L'Imperio Vincenzo, Coelho Vasco, Cazzaniga Giorgio, Papetti Daniele M, Del Carro Fabio, Capitoli Giulia, Marino Mario, Ceku Joranda, Fusco Nicola, Ivanova Mariia, Gianatti Andrea, Nobile Marco S, Galimberti Stefania, Besozzi Daniela, Pagni Fabio
School of Medicine and Surgery, University of Milano-Bicocca, Milan, Italy; Department of Pathology, Fondazione IRCCS San Gerardo dei Tintori, Monza, Italy.
Department of Informatics, Systems and Communication, University of Milano-Bicocca, Milan, Italy.
Mod Pathol. 2024 Dec;37(12):100608. doi: 10.1016/j.modpat.2024.100608. Epub 2024 Sep 5.
The diagnostic assessment of thyroid nodules is hampered by the persistence of uncertainty in borderline cases and further complicated by the inclusion of noninvasive follicular tumor with papillary-like nuclear features (NIFTP) as a less aggressive alternative to papillary thyroid carcinoma (PTC). In this setting, computational methods might facilitate the diagnostic process by unmasking key nuclear characteristics of NIFTP. The main aims of this work were to (1) identify morphometric features of NIFTP and PTC that are interpretable for the human eye and (2) develop a deep learning model for multiclass segmentation as a support tool to reduce diagnostic variability. Our findings confirmed that nuclei in NIFTP and PTC share multiple characteristics, setting them apart from hyperplastic nodules (HP). The morphometric analysis identified 15 features that can be translated into nuclear alterations readily understandable by pathologists, such as a remarkable internuclear homogeneity for HP in contrast to a major complexity in the chromatin texture of NIFTP and to the peculiar pattern of nuclear texture variability of PTC. A few NIFTP cases with available next-generation sequencing data were also analyzed to initially explore the impact of RAS-related mutations on nuclear morphometry. Finally, a pixel-based deep learning model was trained and tested on whole-slide images of NIFTP, PTC, and HP cases. The model, named NUTSHELL (NUclei from Thyroid tumors Segmentation to Highlight Encapsulated Low-malignant Lesions), successfully detected and classified the majority of nuclei in all whole-slide image tiles, showing comparable results with already well-established pathology nuclear scores. NUTSHELL provides an immediate overview of NIFTP areas and can be used to detect microfoci of PTC within extensive glandular samples or identify lymph node metastases. NUTSHELL can be run inside WSInfer with an easy rendering in QuPath, thus facilitating the democratization of digital pathology.

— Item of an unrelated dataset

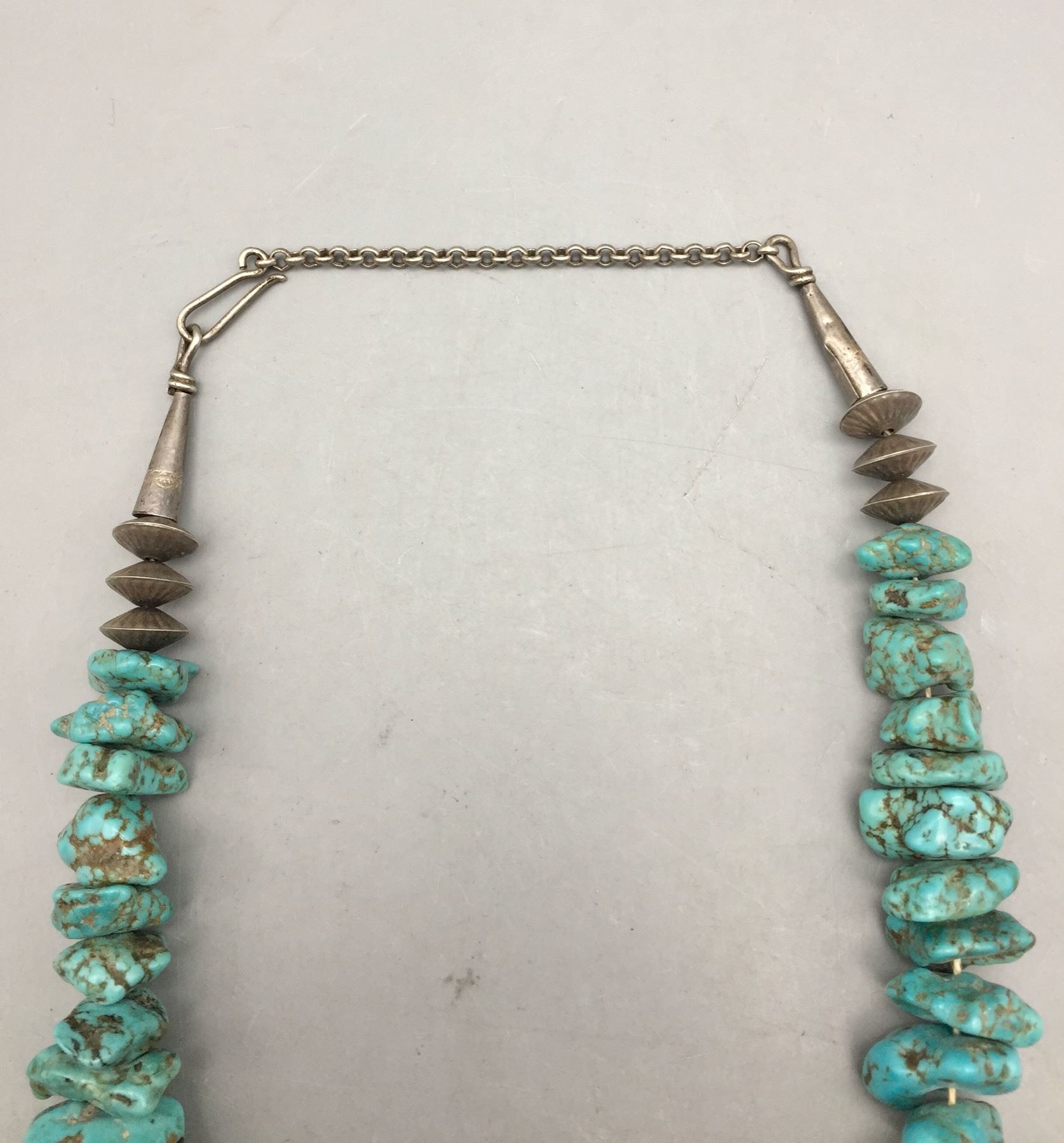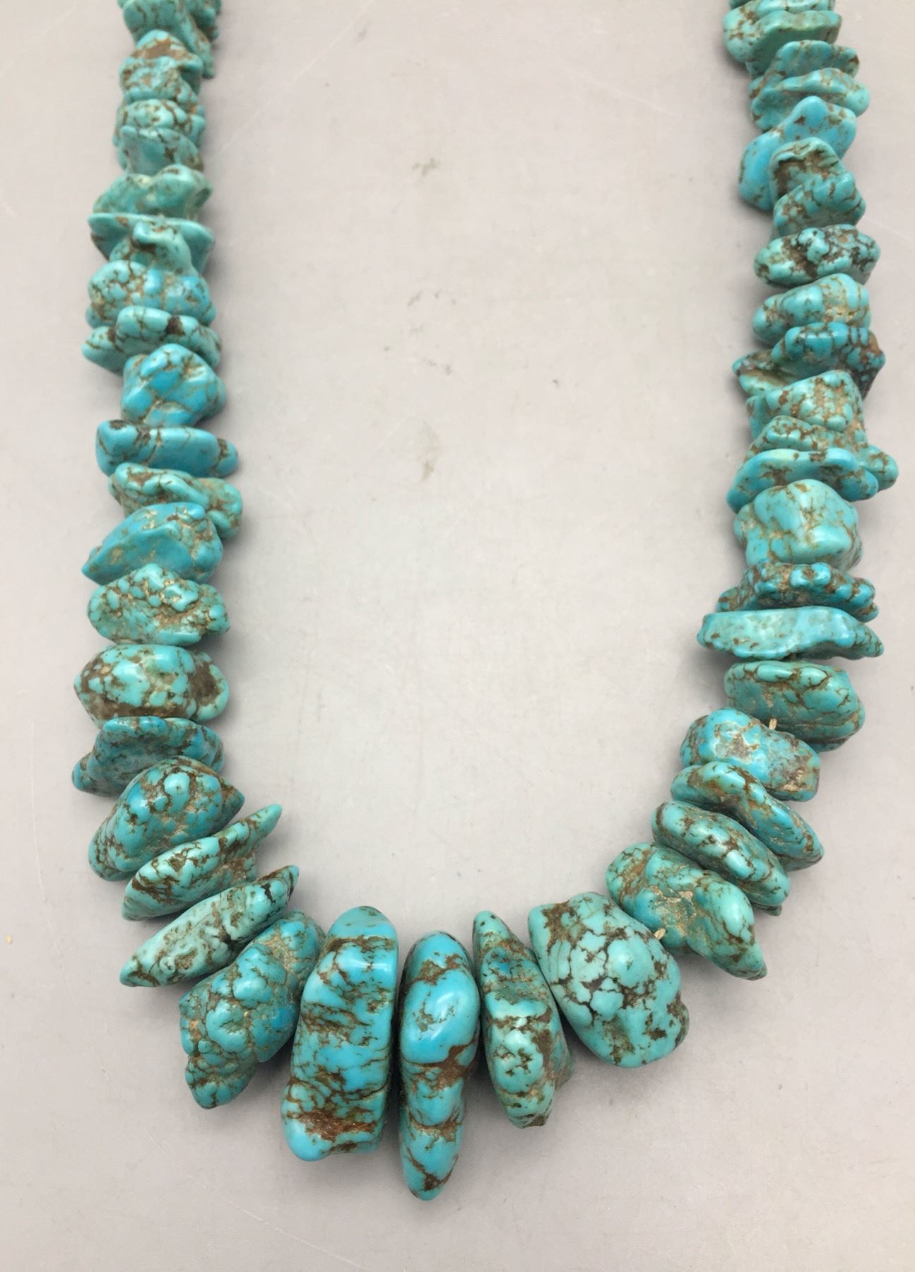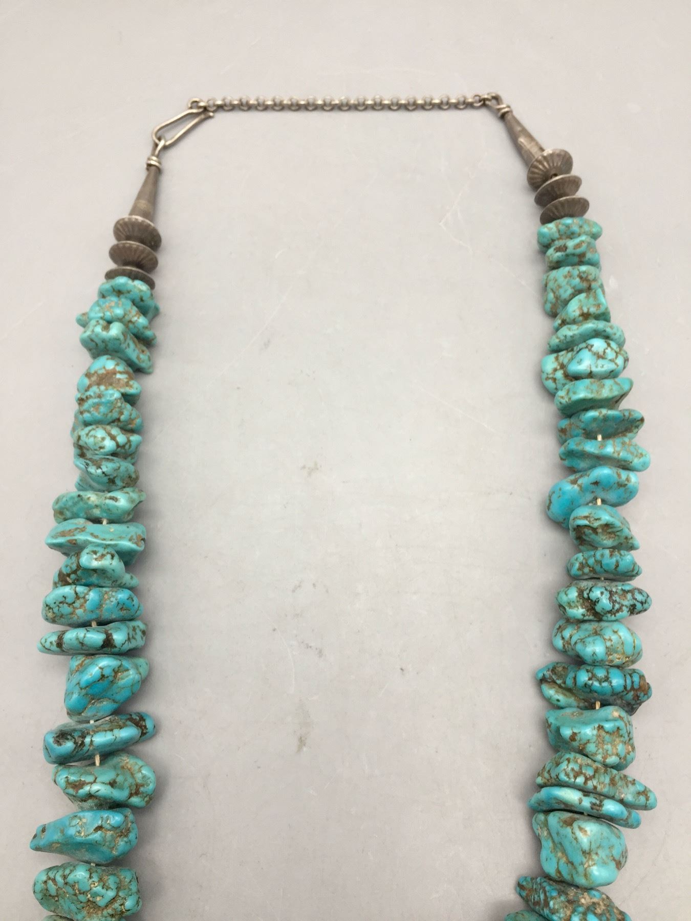 Description: Offered for sale in this lot is this vintage, chunky turquoise necklace featuring large nugget style turquoise stones. It has sterling silver fluted beads and a small chain extender. It was strung on waxed nylon cord. This is a great older necklace and it would look nice layered or worn alone! Maker: Unknown. Approx. Age: Vintage. Size: Fits a 22 inch neck. 194.1 grams. Condition: Good for its age, normal wear expected. Please look closely at the pictures - they are an important part of our description. Shipping: There will be a $5 handling, packaging fee for shipping this lot. The actual cost of postage will be added on top of that.

甲状腺结节的诊断评估因临界病例中不确定性的持续存在而受到阻碍,并且由于将具有乳头样核特征的非侵袭性滤泡性肿瘤(NIFTP)纳入其中作为甲状腺乳头状癌(PTC)侵袭性较低的替代方案而变得更加复杂。在这种情况下,计算方法可能通过揭示NIFTP的关键核特征来促进诊断过程。这项工作的主要目的是:(1)识别NIFTP和PTC的形态特征,这些特征对人眼来说是可解释的;(2)开发一种用于多类分割的深度学习模型,作为减少诊断变异性的支持工具。我们的研究结果证实,NIFTP和PTC中的细胞核具有多个共同特征,这使它们与增生性结节(HP)区分开来。形态分析确定了15个特征,这些特征可以转化为病理学家易于理解的核改变,例如HP的核内均匀性显著,而NIFTP的染色质纹理主要是复杂性,PTC的核纹理变化具有独特模式。还分析了一些具有可用下一代测序数据的NIFTP病例,以初步探索RAS相关突变对核形态测量的影响。最后,在NIFTP、PTC和HP病例的全切片图像上训练和测试了基于像素的深度学习模型。该模型名为NUTSHELL(甲状腺肿瘤细胞核分割以突出包封的低恶性病变),成功地检测并分类了所有全切片图像块中的大多数细胞核,显示出与已经成熟的病理核评分相当的结果。NUTSHELL提供了NIFTP区域的即时概述,可用于在广泛的腺体样本中检测PTC的微灶或识别淋巴结转移。NUTSHELL可以在WSInfer中运行,并在QuPath中轻松渲染,从而促进数字病理学的普及。